On defense, Pérez led all American League (AL) fielders with 1,082 putouts. With 20 of 49 runners thrown out on attempted stolen bases, he led AL catchers in caught stealing percentage (40.9); he also led AL catchers with 12 double plays turned, and accumulated a 29 Defensive Runs Saved (DRS) rating to lead all major leagues catchers. Following the season, Pérez received his first each of the Fielding Bible Award, Rawlings Gold Glove Award, and the Wilson Defensive Player of the Year for all fielders and at catcher. The Cleveland chapter of the Baseball Writers' Association of America (BBWAA) named him the Bob Feller Man of the Year.

He underwent arthroscopic surgery on October 17, 2019, to remove the bone spurs in his right ankle.

====2020====
With the 2020 Cleveland Indians, Pérez batted .165 with one home run and five RBIs in 32 games. He won the Fielding Bible and Gold Glove Awards for catching for the second year in a row. On October 30, 2020, the Indians exercised their club option on Pérez's contract for the 2021 season.

====2021====
On April 14, Chicago White Sox pitcher Carlos Rodón had a perfect game going by retiring the first 25 batters he faced. Perez was up to bat. On an 0–2 count, Rodón hit Pérez in the foot with a slider to break up the perfect game. Replays appeared to show that Perez made little effort in trying to avoid the pitch from hitting him. Rodón then retired the next two batters he faced to complete the no-hitter. In his post-game press conference, Pérez apologized for breaking up the perfect game saying, "To be honest, I really didn't think he had a perfect game until I got hit. I thought he had a no-hitter going on, but I really didn't think he had a perfect game. So it's hard, man. I'm not gonna try to stand there and get hit you know?" On May 23, Pérez was placed on the 60-day injured list as he continued to recovery from finger surgery. He was activated on July 3, and took the roster spot of René Rivera, who was designated for assignment.

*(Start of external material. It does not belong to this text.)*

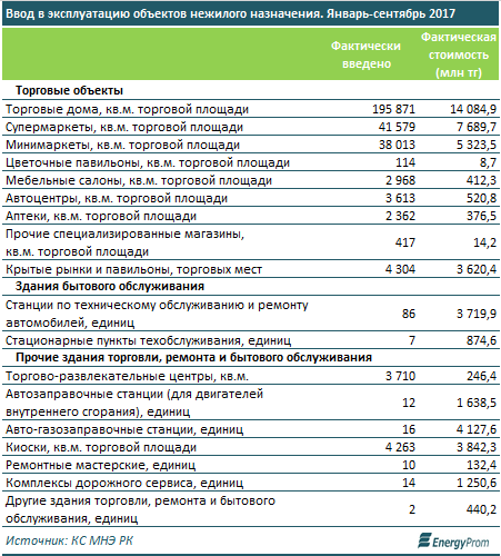 По итогам трех кварталов в РК сдали в эксплуатацию торговые объекты на 32,1 млрд тг. Из них торговые дома заняли 14,1 млрд тг — это 195,9 тысяч кв м торговой площади. Еще 7,7 млрд тг — это супермаркеты, где сданы 41,6 тыс. квадратов торговых площадей, и 5,3 млрд тг — минимаркеты, сданы 38 тыс. кв м площадей.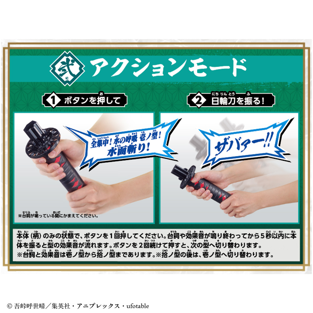 本体(柄)に刀身がついていると「水の呼吸モード」になり、ボタンを押して台詞と効果音を再生し、なりきり遊びが楽しめます。

The Indians declined their club option on Pérez's contract for the 2022 season on November 5, 2021, making Pérez a free agent.

===Pittsburgh Pirates===
On December 1, 2021, Pérez signed a one-year contract with the Pittsburgh Pirates. On May 7, 2022, Pérez was removed from a game against the Cincinnati Reds with left hamstring discomfort, later revealed to be a strain. On May 18, it was announced that Pérez would be undergoing season-ending surgery on his left hamstring. In 21 games for the Pirates in 2022, he batted .233/.333/.367 with 2 home runs and 8 RBIs.

===San Francisco Giants===
On January 29, 2023, Pérez agreed to a contract with the San Francisco Giants. On February 4, the deal was revealed to be a minor league contract and was made official. On March 25, it was announced that Pérez had made the Opening Day roster and would be selected to the 40-man roster.

Pérez began the season as the Giants’ primary catcher, but was placed on the 60-day injured list on April 8 after suffering a right rotator cuff strain. He underwent season-ending surgery to repair his rotator cuff on April 13.

===Boston Red Sox===
On December 13, 2023, Pérez signed a minor league contract with the Boston Red Sox. He did not make an appearance for the organization before he was released on July 2, 2024.

===Caliente de Durango===
On February 10, 2025, Pérez signed with Caliente de Durango of the Mexican League. In 16 appearances for Durango, he slashed .211/.388/.316 with six RBI. Pérez was released by the Caliente on May 19.

Pérez announced his retirement from professional baseball on March 25, 2026.

==International career==
Pérez played for the Puerto Rican national team in the 2017 World Baseball Classic where he won a silver medal.

==Personal life==
Pérez has one star tattoo on each hand, representing his mother and his son. His mother's name is tattooed on his right wrist.